Looking ahead the solution appears obvious to me, but it does involve some complexity. The real value of the approach of using (code) 'translations' or openEHR 'mappings' is that it goes on working when terminology requirements change in the future. That is that CD is allowed (with the CWE constraint if appropriate) and allow coded texts with terminologies that people have in their systems, adding a SNOMED mapping where available (or ICD-10, LOINC or whatever else is deemed the lingua franca) as a translation. Wait until the SNOMED presence reaches a certain level and then enforce SNOMED coding 3 years hence. Add as many mapping services to SNOMED as possible.

A real benefit to this approach is that commonly used codes such as Medical Director codes – can be used in other medical director systems even if they do not have or use SNOMED. Likewise for ICPC.
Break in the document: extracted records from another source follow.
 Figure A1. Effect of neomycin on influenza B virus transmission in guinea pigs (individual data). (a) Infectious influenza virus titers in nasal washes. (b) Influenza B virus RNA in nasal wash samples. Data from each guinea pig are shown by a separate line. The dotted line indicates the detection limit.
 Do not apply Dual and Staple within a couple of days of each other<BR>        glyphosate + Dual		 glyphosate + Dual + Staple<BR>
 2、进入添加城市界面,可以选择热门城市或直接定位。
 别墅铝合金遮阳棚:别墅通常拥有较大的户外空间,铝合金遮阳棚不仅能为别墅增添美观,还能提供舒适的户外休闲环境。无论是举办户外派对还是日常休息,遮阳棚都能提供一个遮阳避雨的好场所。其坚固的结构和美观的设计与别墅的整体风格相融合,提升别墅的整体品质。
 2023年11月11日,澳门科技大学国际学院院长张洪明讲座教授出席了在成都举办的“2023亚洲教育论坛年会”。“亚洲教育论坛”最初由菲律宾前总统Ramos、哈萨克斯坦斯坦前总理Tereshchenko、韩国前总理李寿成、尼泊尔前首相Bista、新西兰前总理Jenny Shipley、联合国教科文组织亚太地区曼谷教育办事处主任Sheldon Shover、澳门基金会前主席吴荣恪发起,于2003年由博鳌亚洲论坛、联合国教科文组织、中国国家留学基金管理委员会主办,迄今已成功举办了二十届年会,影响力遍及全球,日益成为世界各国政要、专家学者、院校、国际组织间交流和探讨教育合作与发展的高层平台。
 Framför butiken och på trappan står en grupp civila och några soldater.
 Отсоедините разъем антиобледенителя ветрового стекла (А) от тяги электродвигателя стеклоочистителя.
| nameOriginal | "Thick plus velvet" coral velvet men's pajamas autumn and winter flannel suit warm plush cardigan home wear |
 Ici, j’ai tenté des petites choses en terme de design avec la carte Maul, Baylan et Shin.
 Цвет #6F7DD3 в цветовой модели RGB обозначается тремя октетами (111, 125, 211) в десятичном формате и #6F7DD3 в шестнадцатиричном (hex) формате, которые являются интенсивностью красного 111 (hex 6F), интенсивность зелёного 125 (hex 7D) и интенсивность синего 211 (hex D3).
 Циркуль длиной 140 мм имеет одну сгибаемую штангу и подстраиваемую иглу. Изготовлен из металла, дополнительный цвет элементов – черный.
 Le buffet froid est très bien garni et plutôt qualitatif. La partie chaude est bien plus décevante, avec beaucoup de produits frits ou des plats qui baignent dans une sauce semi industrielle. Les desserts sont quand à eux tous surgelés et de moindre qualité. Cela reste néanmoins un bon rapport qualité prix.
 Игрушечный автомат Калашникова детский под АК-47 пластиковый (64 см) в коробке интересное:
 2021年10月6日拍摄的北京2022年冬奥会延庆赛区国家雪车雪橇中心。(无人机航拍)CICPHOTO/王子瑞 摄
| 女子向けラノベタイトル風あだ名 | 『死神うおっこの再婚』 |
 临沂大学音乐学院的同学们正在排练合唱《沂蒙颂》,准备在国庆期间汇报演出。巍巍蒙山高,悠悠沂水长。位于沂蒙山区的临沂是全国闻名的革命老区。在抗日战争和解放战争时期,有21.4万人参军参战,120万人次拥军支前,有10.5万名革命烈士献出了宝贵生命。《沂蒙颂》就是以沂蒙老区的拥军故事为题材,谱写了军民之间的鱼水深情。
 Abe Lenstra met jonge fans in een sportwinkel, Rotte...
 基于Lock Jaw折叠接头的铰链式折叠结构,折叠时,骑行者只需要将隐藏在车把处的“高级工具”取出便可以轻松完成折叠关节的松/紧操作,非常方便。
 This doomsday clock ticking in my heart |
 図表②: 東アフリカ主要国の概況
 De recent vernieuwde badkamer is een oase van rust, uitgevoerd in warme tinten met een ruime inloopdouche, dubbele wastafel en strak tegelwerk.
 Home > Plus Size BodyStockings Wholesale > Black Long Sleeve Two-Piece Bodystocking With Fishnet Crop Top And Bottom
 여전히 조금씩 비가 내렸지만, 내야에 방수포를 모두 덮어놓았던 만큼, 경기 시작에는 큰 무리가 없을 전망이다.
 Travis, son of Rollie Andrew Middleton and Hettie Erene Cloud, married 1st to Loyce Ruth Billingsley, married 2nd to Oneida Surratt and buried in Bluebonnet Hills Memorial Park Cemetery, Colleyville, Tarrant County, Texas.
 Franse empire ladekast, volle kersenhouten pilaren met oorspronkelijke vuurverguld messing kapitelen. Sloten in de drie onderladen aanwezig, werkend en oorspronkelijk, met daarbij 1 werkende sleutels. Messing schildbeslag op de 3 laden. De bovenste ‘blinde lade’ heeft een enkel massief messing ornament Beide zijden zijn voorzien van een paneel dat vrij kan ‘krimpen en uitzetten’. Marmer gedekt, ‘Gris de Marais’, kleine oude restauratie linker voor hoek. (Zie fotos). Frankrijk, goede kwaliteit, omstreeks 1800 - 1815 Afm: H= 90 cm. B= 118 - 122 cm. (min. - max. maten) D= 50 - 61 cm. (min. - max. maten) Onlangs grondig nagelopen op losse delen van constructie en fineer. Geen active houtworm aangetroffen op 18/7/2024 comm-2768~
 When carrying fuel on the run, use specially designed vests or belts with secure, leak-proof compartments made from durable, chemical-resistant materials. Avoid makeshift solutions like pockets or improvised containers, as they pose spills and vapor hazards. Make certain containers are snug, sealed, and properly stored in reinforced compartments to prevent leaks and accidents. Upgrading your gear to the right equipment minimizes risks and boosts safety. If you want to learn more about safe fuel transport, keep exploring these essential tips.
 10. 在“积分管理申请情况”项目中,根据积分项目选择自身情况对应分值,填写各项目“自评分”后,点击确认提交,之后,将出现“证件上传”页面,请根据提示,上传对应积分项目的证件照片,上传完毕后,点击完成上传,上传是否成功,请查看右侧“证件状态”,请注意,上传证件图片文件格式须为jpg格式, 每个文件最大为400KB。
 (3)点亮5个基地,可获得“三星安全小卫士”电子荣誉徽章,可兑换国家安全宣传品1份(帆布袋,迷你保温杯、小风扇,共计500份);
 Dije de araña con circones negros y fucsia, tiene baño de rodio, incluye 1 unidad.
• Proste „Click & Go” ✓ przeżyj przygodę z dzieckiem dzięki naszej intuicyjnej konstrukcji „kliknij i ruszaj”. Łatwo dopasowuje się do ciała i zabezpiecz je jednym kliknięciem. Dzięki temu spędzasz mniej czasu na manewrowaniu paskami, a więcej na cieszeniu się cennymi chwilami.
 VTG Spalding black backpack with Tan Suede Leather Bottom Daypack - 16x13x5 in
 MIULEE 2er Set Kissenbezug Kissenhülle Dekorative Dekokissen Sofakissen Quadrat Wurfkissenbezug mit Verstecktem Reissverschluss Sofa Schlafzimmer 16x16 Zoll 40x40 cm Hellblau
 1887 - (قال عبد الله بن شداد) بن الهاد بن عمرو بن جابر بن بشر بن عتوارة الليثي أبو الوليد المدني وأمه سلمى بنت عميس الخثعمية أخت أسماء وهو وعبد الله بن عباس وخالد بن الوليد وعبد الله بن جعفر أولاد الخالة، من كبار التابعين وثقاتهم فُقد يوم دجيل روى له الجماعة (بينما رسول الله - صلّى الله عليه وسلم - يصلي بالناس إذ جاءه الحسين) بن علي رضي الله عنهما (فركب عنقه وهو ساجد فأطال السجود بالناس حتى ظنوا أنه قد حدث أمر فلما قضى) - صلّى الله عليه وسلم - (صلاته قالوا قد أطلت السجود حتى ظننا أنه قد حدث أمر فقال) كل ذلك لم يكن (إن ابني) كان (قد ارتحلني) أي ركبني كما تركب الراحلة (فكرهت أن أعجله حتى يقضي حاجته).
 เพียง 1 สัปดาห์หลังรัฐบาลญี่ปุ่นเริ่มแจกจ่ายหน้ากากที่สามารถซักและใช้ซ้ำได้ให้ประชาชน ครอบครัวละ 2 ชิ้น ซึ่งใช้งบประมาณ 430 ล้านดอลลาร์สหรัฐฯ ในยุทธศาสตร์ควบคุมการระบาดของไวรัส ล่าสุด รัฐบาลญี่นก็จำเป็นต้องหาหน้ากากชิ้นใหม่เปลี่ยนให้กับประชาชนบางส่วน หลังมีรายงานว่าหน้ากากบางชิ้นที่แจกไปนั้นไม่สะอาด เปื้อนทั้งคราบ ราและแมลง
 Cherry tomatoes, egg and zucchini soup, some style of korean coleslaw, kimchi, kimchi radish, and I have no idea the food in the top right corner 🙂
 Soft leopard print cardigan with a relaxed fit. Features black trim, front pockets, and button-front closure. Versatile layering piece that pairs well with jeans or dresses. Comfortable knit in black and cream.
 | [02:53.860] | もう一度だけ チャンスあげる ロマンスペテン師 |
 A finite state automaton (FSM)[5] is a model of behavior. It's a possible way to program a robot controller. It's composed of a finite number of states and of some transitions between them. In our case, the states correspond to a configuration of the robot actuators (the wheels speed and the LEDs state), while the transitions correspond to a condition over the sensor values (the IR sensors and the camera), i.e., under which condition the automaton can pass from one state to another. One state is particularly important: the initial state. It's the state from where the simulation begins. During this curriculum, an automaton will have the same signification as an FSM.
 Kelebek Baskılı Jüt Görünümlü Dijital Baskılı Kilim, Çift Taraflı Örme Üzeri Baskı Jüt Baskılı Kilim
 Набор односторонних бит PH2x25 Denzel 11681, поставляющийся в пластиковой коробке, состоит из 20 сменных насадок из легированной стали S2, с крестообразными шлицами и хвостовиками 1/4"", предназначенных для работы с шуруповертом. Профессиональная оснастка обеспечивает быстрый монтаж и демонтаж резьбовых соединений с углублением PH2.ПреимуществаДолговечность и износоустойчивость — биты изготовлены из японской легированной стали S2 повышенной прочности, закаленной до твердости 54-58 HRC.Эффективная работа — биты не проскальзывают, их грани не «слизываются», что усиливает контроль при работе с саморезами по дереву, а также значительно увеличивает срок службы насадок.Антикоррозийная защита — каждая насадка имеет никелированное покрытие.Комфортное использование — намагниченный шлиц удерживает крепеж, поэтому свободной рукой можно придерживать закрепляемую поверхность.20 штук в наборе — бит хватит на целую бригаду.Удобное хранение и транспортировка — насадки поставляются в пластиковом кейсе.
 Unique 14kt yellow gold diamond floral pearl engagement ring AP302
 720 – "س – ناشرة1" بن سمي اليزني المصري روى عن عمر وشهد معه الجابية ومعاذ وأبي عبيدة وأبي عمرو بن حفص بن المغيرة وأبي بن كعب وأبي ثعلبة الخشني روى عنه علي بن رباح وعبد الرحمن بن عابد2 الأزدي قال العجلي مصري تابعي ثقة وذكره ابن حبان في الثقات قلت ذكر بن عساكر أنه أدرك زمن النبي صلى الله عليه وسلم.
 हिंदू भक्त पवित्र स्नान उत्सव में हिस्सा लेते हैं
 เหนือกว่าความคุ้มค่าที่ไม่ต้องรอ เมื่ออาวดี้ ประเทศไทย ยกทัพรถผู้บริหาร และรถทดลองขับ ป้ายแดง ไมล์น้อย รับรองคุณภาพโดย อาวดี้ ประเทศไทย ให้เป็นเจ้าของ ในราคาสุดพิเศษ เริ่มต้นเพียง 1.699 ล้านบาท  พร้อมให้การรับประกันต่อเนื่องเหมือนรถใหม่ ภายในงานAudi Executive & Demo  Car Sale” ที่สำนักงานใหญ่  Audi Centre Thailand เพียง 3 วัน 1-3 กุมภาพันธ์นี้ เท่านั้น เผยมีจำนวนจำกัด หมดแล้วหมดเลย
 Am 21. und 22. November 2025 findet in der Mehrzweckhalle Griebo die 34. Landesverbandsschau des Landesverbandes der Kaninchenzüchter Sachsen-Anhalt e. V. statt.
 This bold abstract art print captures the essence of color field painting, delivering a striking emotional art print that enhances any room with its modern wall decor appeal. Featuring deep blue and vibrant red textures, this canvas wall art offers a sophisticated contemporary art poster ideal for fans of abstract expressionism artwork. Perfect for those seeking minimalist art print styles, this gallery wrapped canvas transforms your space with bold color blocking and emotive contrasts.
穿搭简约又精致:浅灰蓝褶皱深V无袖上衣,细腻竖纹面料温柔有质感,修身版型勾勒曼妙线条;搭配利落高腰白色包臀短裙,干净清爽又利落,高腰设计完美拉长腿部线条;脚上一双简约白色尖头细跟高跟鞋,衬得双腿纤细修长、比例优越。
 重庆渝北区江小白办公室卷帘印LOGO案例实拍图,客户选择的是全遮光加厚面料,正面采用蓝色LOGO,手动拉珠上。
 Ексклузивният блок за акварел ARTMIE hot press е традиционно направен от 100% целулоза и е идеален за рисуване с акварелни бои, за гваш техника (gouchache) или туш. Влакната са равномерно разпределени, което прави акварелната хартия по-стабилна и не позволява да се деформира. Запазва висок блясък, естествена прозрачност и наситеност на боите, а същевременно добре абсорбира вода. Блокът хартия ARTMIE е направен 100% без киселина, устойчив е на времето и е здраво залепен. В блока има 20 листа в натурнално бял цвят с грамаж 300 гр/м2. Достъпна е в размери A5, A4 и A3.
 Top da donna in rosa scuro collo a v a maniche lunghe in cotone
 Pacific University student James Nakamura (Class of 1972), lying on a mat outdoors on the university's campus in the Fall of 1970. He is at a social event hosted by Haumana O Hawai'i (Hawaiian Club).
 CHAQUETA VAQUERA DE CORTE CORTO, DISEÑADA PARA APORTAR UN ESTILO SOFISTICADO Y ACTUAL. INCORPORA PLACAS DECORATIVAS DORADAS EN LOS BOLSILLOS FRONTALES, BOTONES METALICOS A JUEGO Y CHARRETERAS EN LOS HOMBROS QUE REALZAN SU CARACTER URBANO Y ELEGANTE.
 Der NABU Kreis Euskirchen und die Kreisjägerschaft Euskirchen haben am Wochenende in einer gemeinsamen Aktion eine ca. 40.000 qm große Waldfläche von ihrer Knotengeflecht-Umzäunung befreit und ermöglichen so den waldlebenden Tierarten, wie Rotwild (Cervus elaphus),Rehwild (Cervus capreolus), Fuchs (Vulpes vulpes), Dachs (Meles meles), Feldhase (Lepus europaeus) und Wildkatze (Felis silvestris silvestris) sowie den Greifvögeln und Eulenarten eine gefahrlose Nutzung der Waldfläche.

After re-reading the ISO data types it raises a couple of issues. The only type is CD and CWE (with extensions) is described as a constraint on the CD type. CWE is actually designed to allow local extensions (ie local terminologies). So if we have a CD(CWE) with a SNOMED binding it will mean that you can have SNOMED coded data, just text, or coded text using other terminologies. Is this your intent?  Just as the CWE is a complex constraint on CD it is also clear that binding a CD to SNOMED and using CWE does give some indication as to what is recommended for transmission. The openEHR option of a CODED_TEXT, with a SNOMED binding, or a TEXT allows the same flexibility. However, using the template to express the CWE appears preferable to me unless we are really sure what the future holds.

The terminology ecosystem will be complex for many years to come, potentially forever. It rather depends on how sensible we are and our vision for a future evolving system. Until models and their attendant terminology subsets are widely adopted we will be living in a world where text rules. We will learn a lot in the next 12 months.